Global Solar Installations Set to Blow Past Expectations for Second Year in a Row

Global Solar Installations Set to Blow Past Expectations for Second Year in a Row

The world will install close to 600 gigawatts of solar power in 2024, according to a new report from the U.K.-based energy analytics firm Ember. That mark would blow past most projections, and jump well over the record-setting pace of solar installations set only last year.

The firm found that 292 GW had been installed by the end of July, and projects the number will reach 593 GW by the end of the year. “That’s 29% more than was installed last year, maintaining strong growth even after an estimated 87% surge in 2023,” authors of the new report wrote.

The bulk of this solar boom can be found, unsurprisingly, in China. The world’s second biggest economy and second most populous country could install as much as 334 GW this year alone, making up 56 percent of the global total; that’s a 28 percent jump from an already big 2023 in China’s solar industry.

Add in the U.S., India, Germany, and Brazil, and you’ve got 75 percent of all the solar additions around the world. But that’s not to say some smaller markets aren’t starting to ramp up — countries like Pakistan and Saudi Arabia are also making big solar gains.

Overall, these numbers far exceed some of the main projections out there.

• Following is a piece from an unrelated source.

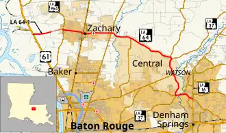 From the west, LA 64 begins at the intersection of LA 964 (Old Scenic Highway) and Mt. Pleasant–Zachary Road, both of which lead to US 61 and the city of Baton Rouge. LA 64 heads east through the East Baton Rouge Parish city of Zachary on Church Street, a divided four-lane thoroughfare, and passes several residential subdivisions. Just before the highway passes the local high school, the median is discontinued as the roadway narrows. LA 64 becomes a commercial corridor as the route curves southeast onto High Street then east again across the Canadian National Railway (CN) line onto Main Street.[3][4][5]

For example, the International Energy Agency’s 2024 prediction, released in January, guessed 400 GW would be installed; if Ember’s projection for the rest of the year is correct, that means IEA had a shortfall of almost 50 percent.

This is, obviously, all good news. But how good?

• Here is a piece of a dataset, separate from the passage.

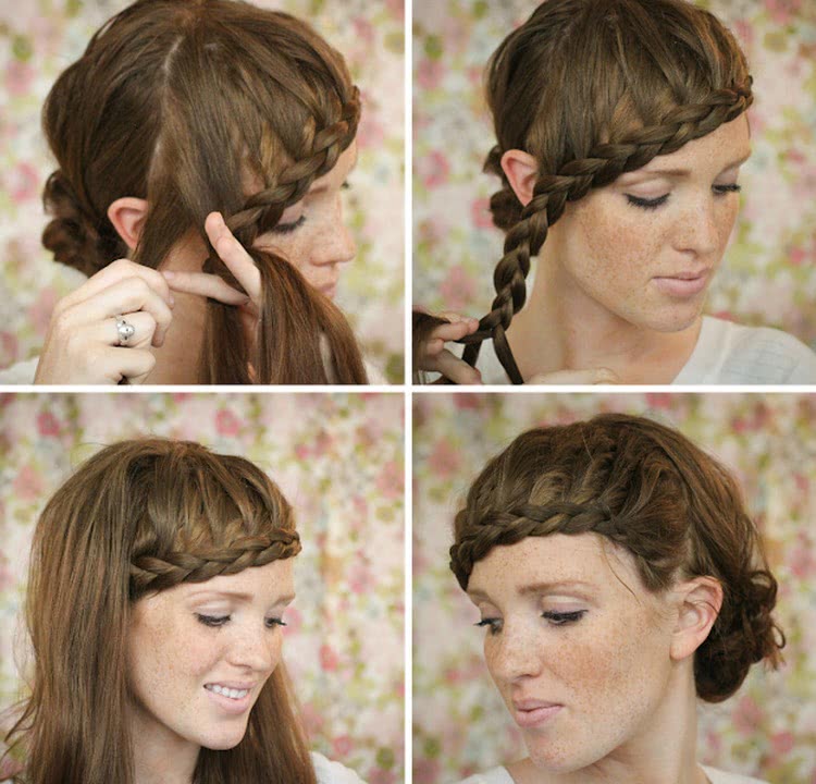 Для начала рекомендуется хорошо расчесать волосы, чтобы плетение проходило легче. Далее необходимо отделить челку. Если таковой не имеется, то прядь необходимого размера. Затем начиная от одной ушной раковины к другой плетется коса классическим способом, указанном ранее.

“The massive step up in solar capacity installations in 2023 and 2024 has shifted perceptions around solar’s role in the energy transition,” the Ember authors wrote. “This now puts ambitious climate pledges within reach.” A tripling of overall renewable energy capacity by 2030, which would likely require 25 percent of all global electricity generation coming from the sun, now doesn’t seem so impossible. There are obviously plenty of inputs into what happens next, but for now at least all indicators for solar power are pointing in the right general direction.